[Record extracts — start]
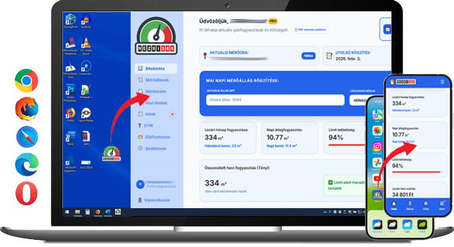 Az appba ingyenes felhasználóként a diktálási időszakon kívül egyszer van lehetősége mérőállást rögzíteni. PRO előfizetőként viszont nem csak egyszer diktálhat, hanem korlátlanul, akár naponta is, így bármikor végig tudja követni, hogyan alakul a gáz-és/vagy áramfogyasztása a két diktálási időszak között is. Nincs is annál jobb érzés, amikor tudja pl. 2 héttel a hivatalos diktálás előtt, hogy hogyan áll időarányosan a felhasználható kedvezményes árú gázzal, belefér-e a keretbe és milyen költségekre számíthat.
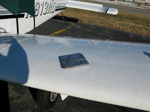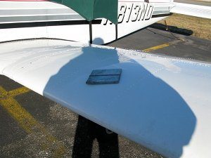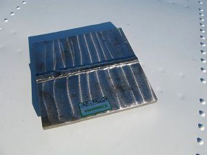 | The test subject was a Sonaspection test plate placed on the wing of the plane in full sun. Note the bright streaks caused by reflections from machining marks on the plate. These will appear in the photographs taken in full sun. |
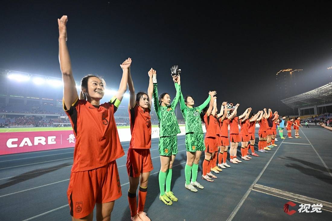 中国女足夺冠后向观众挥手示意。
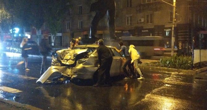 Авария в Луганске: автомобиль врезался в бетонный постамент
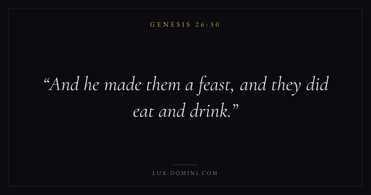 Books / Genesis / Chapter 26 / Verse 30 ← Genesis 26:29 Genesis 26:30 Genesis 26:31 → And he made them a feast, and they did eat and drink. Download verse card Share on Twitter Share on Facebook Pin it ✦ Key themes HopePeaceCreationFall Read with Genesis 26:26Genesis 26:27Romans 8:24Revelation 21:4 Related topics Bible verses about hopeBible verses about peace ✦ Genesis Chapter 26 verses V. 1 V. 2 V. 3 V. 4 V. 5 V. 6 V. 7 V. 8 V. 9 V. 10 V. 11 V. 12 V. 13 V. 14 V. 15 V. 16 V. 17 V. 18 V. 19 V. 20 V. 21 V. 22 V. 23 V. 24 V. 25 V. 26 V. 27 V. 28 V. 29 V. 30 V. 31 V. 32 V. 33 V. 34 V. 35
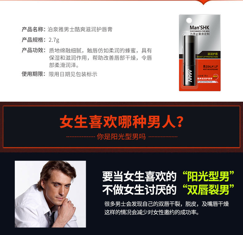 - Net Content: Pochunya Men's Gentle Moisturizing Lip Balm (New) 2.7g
[Record extracts — finish]
Your job is to restate, word for word, only the lines from the one holding "中国女足夺冠后向观众挥手示意。" through the end of the material; pictures stay out.

 中国女足夺冠后向观众挥手示意。
 Авария в Луганске: автомобиль врезался в бетонный постамент
 Books / Genesis / Chapter 26 / Verse 30 ← Genesis 26:29 Genesis 26:30 Genesis 26:31 → And he made them a feast, and they did eat and drink. Download verse card Share on Twitter Share on Facebook Pin it ✦ Key themes HopePeaceCreationFall Read with Genesis 26:26Genesis 26:27Romans 8:24Revelation 21:4 Related topics Bible verses about hopeBible verses about peace ✦ Genesis Chapter 26 verses V. 1 V. 2 V. 3 V. 4 V. 5 V. 6 V. 7 V. 8 V. 9 V. 10 V. 11 V. 12 V. 13 V. 14 V. 15 V. 16 V. 17 V. 18 V. 19 V. 20 V. 21 V. 22 V. 23 V. 24 V. 25 V. 26 V. 27 V. 28 V. 29 V. 30 V. 31 V. 32 V. 33 V. 34 V. 35
 - Net Content: Pochunya Men's Gentle Moisturizing Lip Balm (New) 2.7g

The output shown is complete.